--- START ---

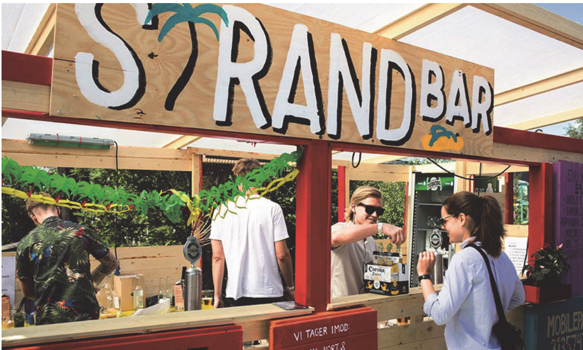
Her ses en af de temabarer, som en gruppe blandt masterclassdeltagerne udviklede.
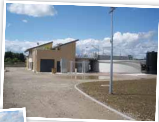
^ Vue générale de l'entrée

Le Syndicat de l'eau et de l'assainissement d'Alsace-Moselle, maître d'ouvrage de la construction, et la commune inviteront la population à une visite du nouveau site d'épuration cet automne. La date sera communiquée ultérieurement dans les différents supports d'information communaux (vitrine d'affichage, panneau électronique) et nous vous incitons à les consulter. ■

--- END ---
--- START ---

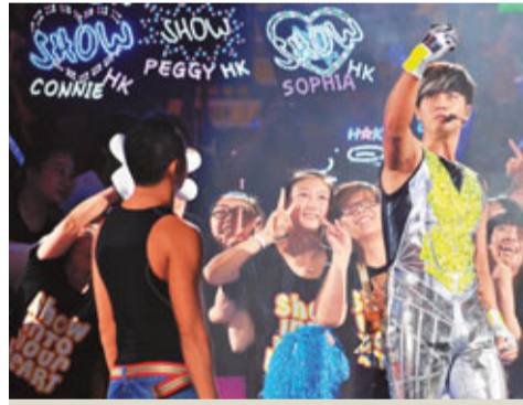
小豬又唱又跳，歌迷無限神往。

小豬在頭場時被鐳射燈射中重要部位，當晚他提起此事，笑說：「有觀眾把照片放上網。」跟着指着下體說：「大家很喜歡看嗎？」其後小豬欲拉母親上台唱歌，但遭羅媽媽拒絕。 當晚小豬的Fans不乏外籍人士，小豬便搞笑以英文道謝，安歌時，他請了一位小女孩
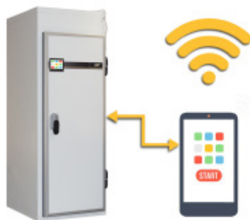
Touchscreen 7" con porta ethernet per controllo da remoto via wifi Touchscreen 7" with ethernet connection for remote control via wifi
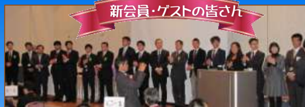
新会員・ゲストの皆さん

--- END ---

The problem
From the records above, output only the lines starting at the one containing "Her ses en af" and ending at the one containing "Le Syndicat de", word for word. Pictures stay out.

Answer box
Her ses en af de temabarer, som en gruppe blandt masterclassdeltagerne udviklede.
^ Vue générale de l'entrée

Le Syndicat de l'eau et de l'assainissement d'Alsace-Moselle, maître d'ouvrage de la construction, et la commune inviteront la population à une visite du nouveau site d'épuration cet automne. La date sera communiquée ultérieurement dans les différents supports d'information communaux (vitrine d'affichage, panneau électronique) et nous vous incitons à les consulter. ■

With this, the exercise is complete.